Starting in Gothenburg by the Kattegatt in southwestern Sweden, the road passes Lake Vänern to the west through Värmland and Dalarna to Mora at Lake Siljan. The road then continues via Orsa through Härjedalen and Jämtland to Östersund at the Lake Storsjön. From then on the route goes through Lapland and its wilderness, via the towns Vilhelmina, Storuman, Arvidsjaur, Jokkmokk and Gällivare to its northern terminus in Karesuando at the Finnish border.

Inlandsvägen is simultaneously the European route E45 in Sweden, between Gällivare and Svappavaara it is also the European route E10. The European route E45 and Riksväg 26 follows the same route for approximately 35 km between Johannisholm and Mora, the latter being the end of the road for Riksväg 26.

Only the first few kilometers of road after Gothenburg is motorway.
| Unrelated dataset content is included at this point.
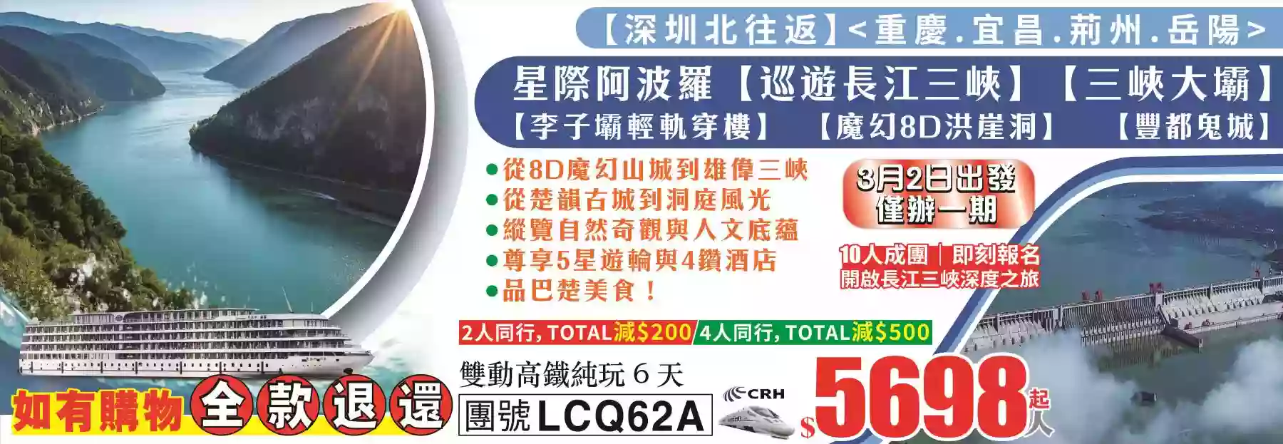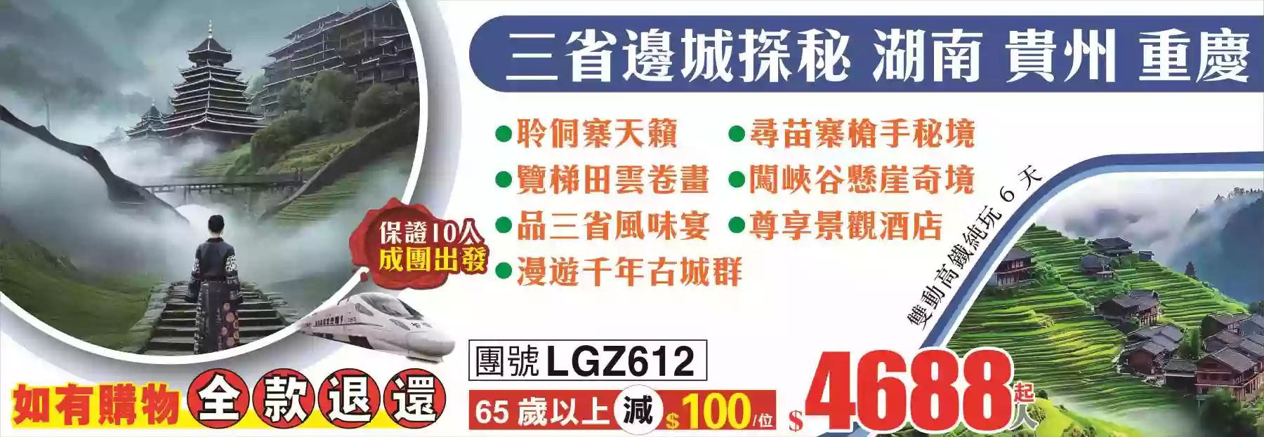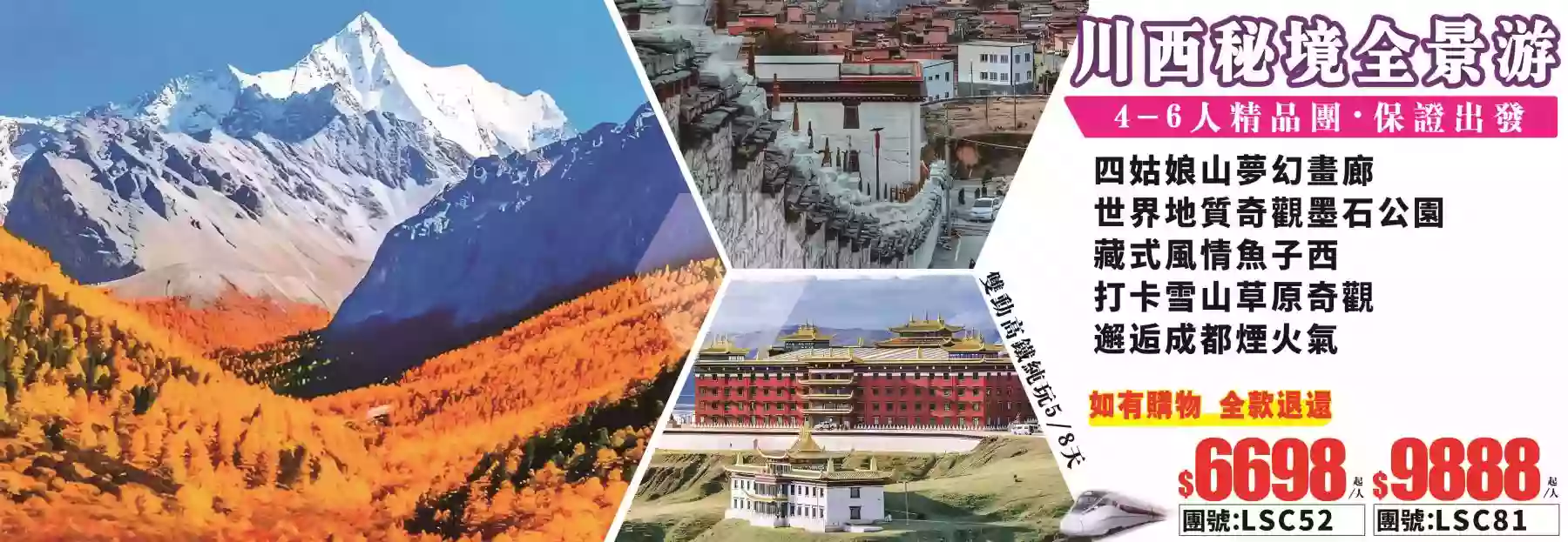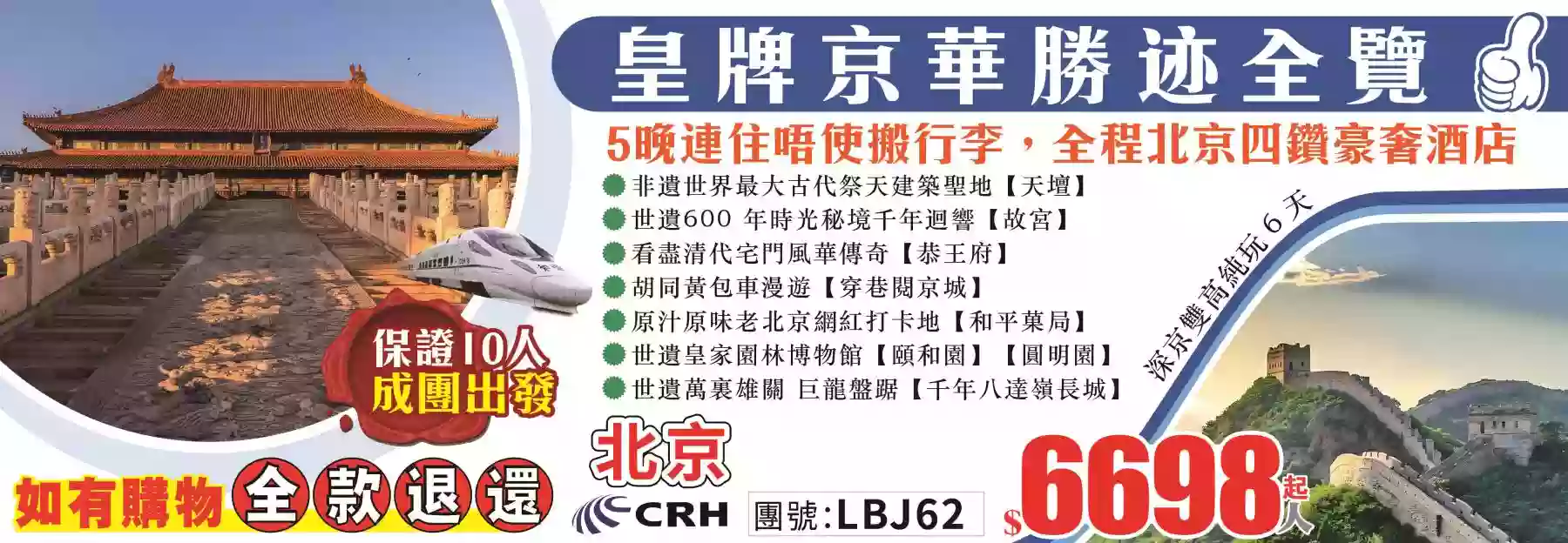 詳細行程熱線中心:香港九龍旺角彌敦道608號總統商業大廈1樓131-132號舖(旺角荷李活商業大廈旁邊)(10:00am-19:00pm/週日、公眾假期正常營業)報名熱線:2626-0102(10條線) Whatsapp:66622307、66622305 、92932808

Most parts of Inlandsvägen have just two lanes with two-way-traffic; a 6 m wide asphalted road that follows the terrain. About 5 km south of Jokkmokk Inlandsvägen crosses the Arctic Circle at .

Inlandsvägen Syd (The Inland Road South) is a term used about Riksväg 26 (National Road 26) that begins in Halmstad in the south and ends in Mora in the midst of Sweden, The most parts of Inlandsvägen Syd also just have two lanes with two-way-traffic.

== History ==
The name is related to the famous Inland Line (Inlandsbanan), a railroad line that used to run almost parallel between Kristinehamn and Mora (Riksväg 26), and still today nearly always runs parallel to the road between Mora and Gällivare (European route E45).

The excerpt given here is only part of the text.